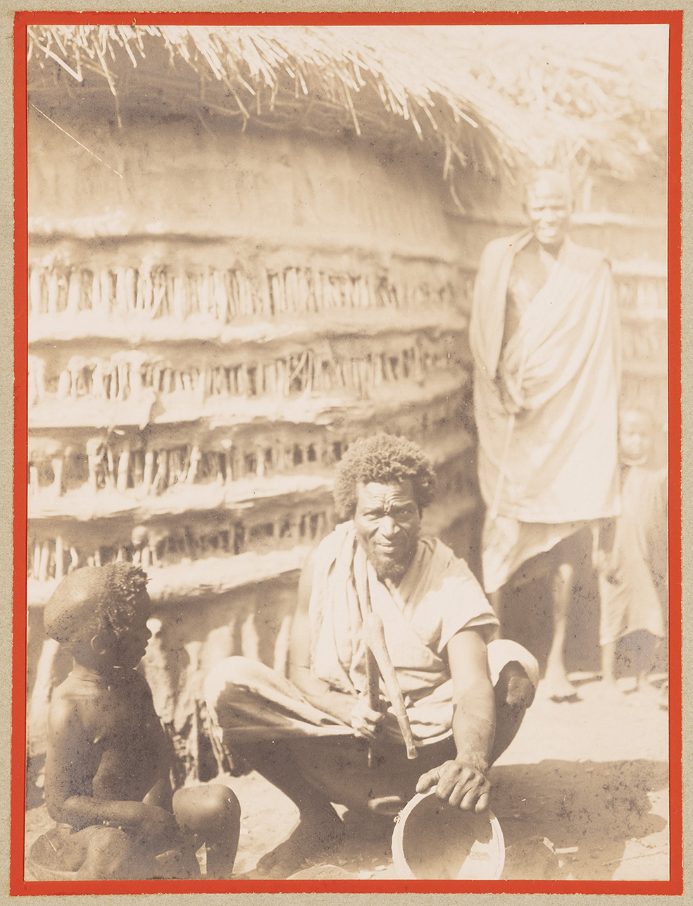 L'immagine ritrae un uomo somalo, accovacciato a terra intento a intagliare un vaso in legno, un bambino e un anziano davanti ad una costruzione in legno. Il soggetto in primo piano veste con una tunica bianca che gli copre le spalle, il petto e le gambe fino alle caviglie. Inoltre, volge lo sguardo in camera. In secondo piano, invece, è presente un altro uomo, anch'egli vestito con abiti tradizionali. Sullo sfondo, il muro di una capanna, costruito in legno e paglia
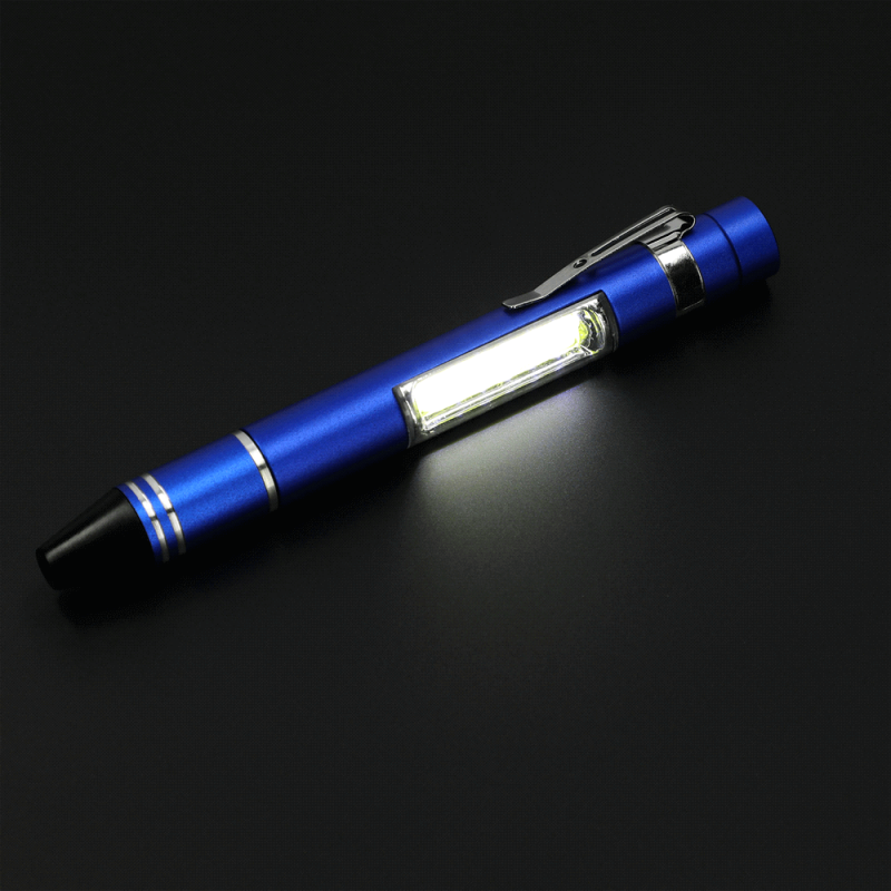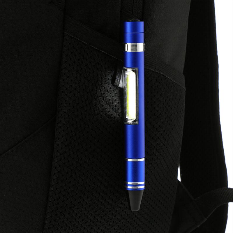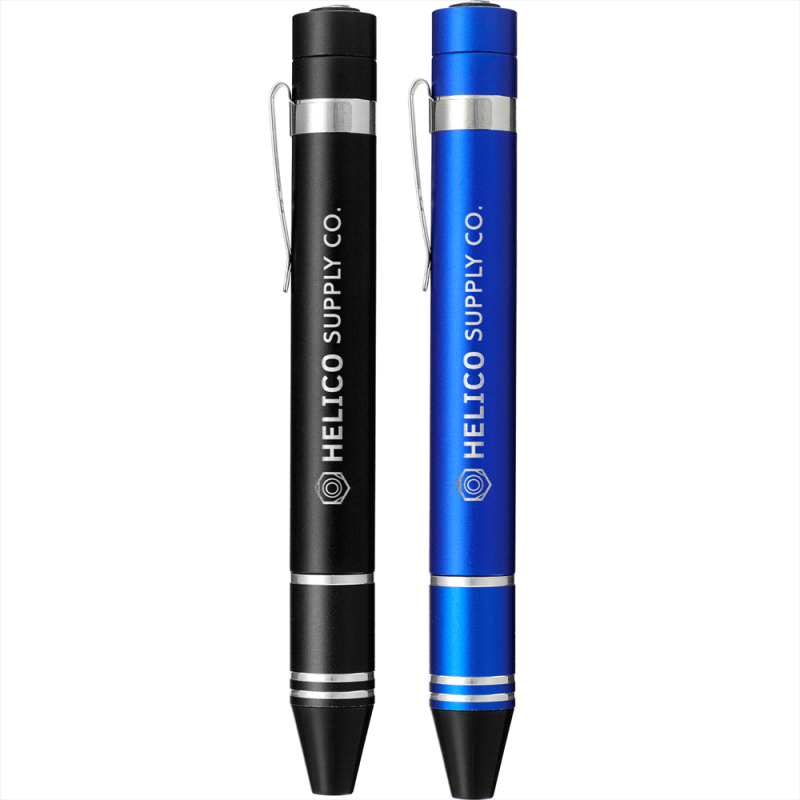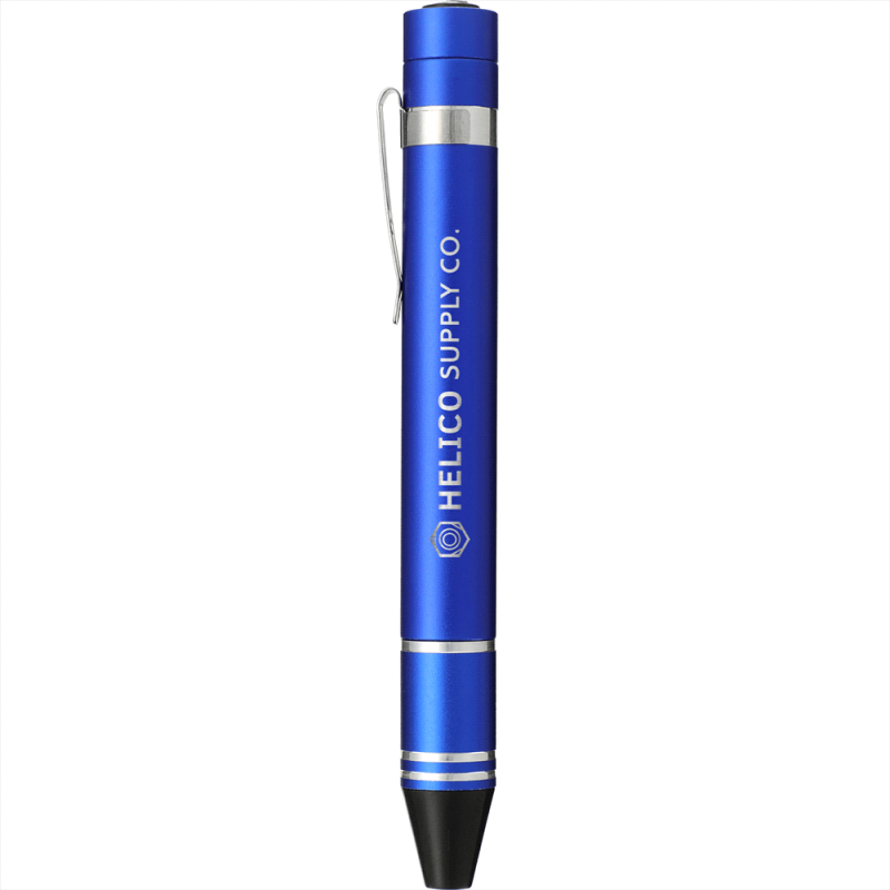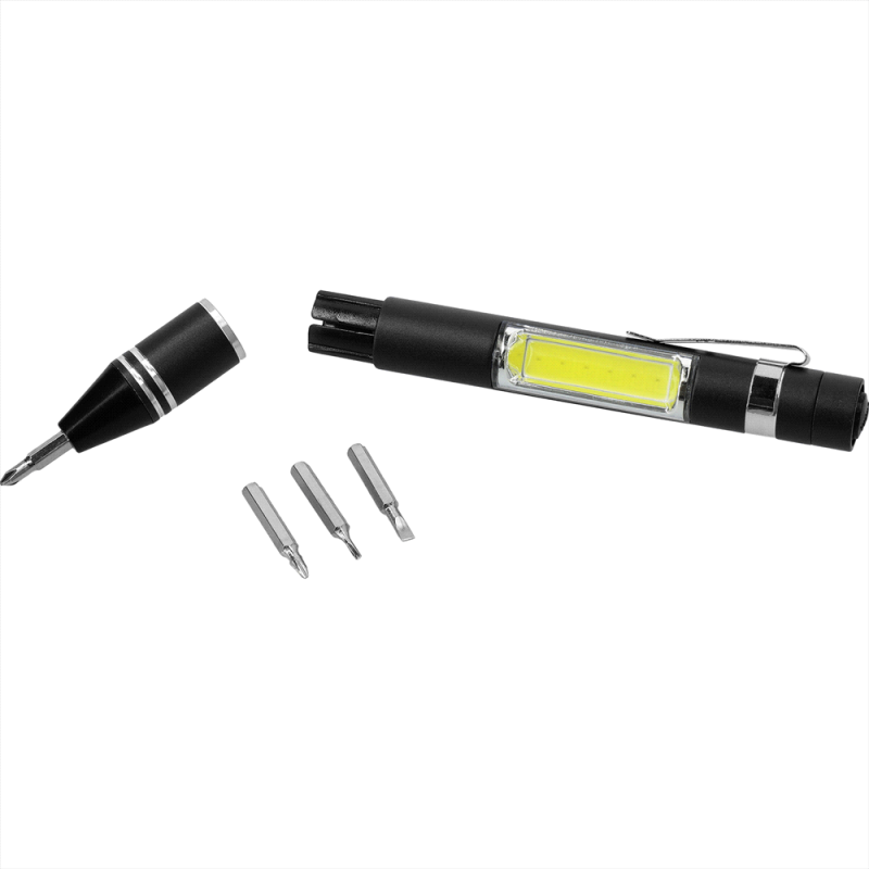 Includes 2 flathead and 2 Phillips-head screwdriver bits stored under the cap. Magnetic base. Single white LED light with push button to turn power on/off. Built-in level. Pocket clip.
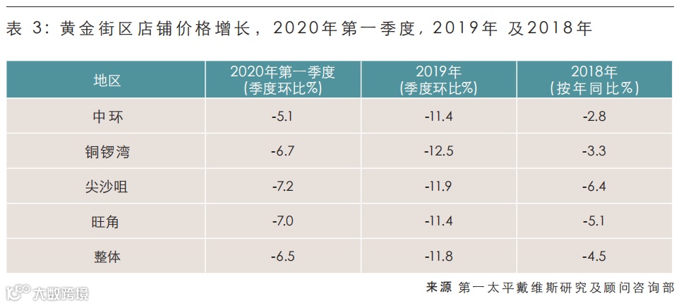 黄金地段街铺价格于2020年第一季度下跌6.5%,又以尖沙咀及旺角这两处最受内地游客欢迎的购物区跌幅为显著。
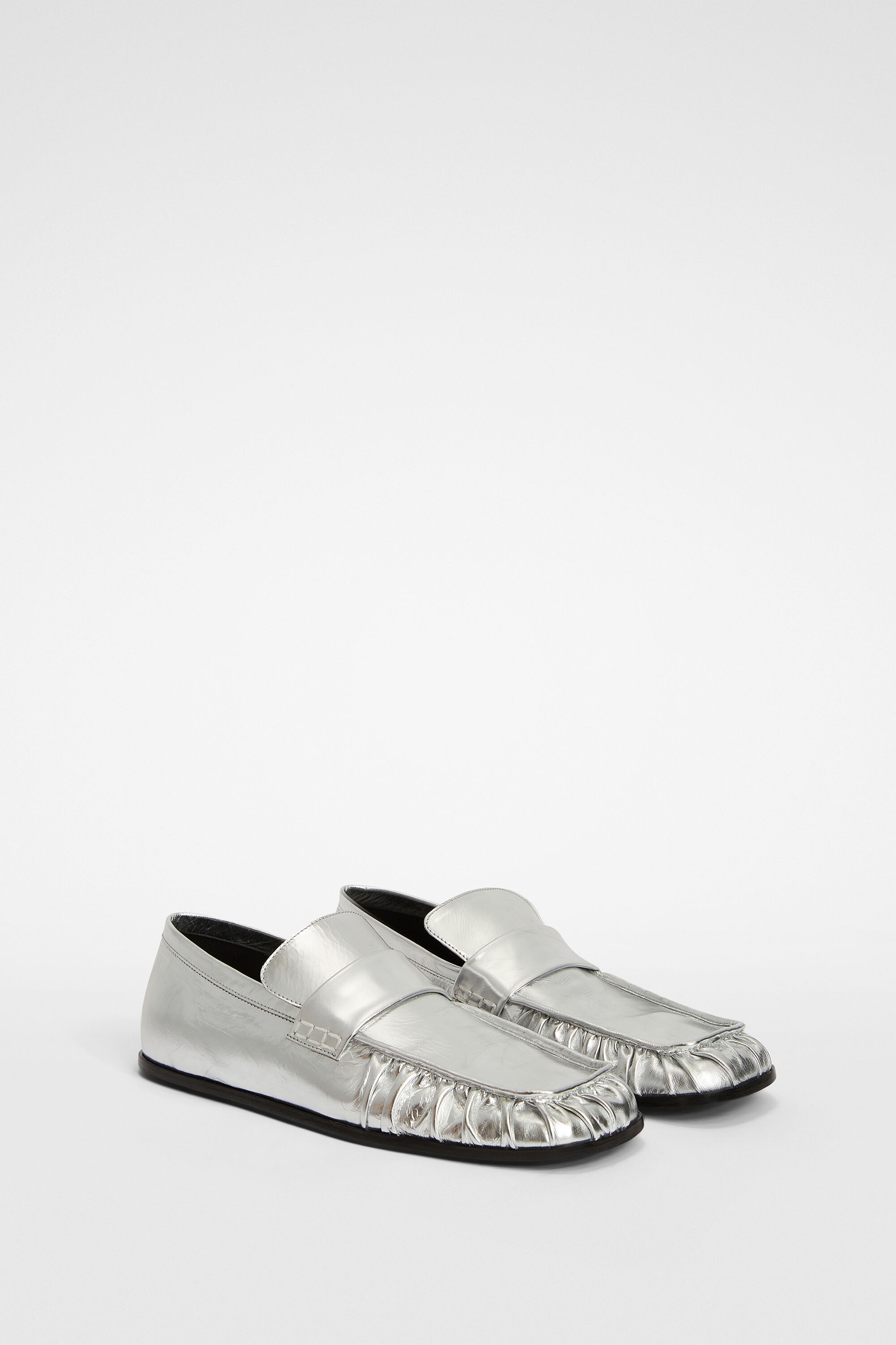 Laminated leather loafer with hand-stitched wrinkled upper Details - squared deconstructed toe - exaggerated welt - nappa leather insole and lining - calf leather outersole with rubber injection - Jil Sander logo branded insole - wrinkled laminated leather - 100% calf leather - made in Italy - StyleID: J16WR0022P4836056

====================

Directions:
With images omitted, output the data exactly as given.

Solution below:
 L'immagine ritrae un uomo somalo, accovacciato a terra intento a intagliare un vaso in legno, un bambino e un anziano davanti ad una costruzione in legno. Il soggetto in primo piano veste con una tunica bianca che gli copre le spalle, il petto e le gambe fino alle caviglie. Inoltre, volge lo sguardo in camera. In secondo piano, invece, è presente un altro uomo, anch'egli vestito con abiti tradizionali. Sullo sfondo, il muro di una capanna, costruito in legno e paglia
 Includes 2 flathead and 2 Phillips-head screwdriver bits stored under the cap. Magnetic base. Single white LED light with push button to turn power on/off. Built-in level. Pocket clip.
 黄金地段街铺价格于2020年第一季度下跌6.5%,又以尖沙咀及旺角这两处最受内地游客欢迎的购物区跌幅为显著。
 Laminated leather loafer with hand-stitched wrinkled upper Details - squared deconstructed toe - exaggerated welt - nappa leather insole and lining - calf leather outersole with rubber injection - Jil Sander logo branded insole - wrinkled laminated leather - 100% calf leather - made in Italy - StyleID: J16WR0022P4836056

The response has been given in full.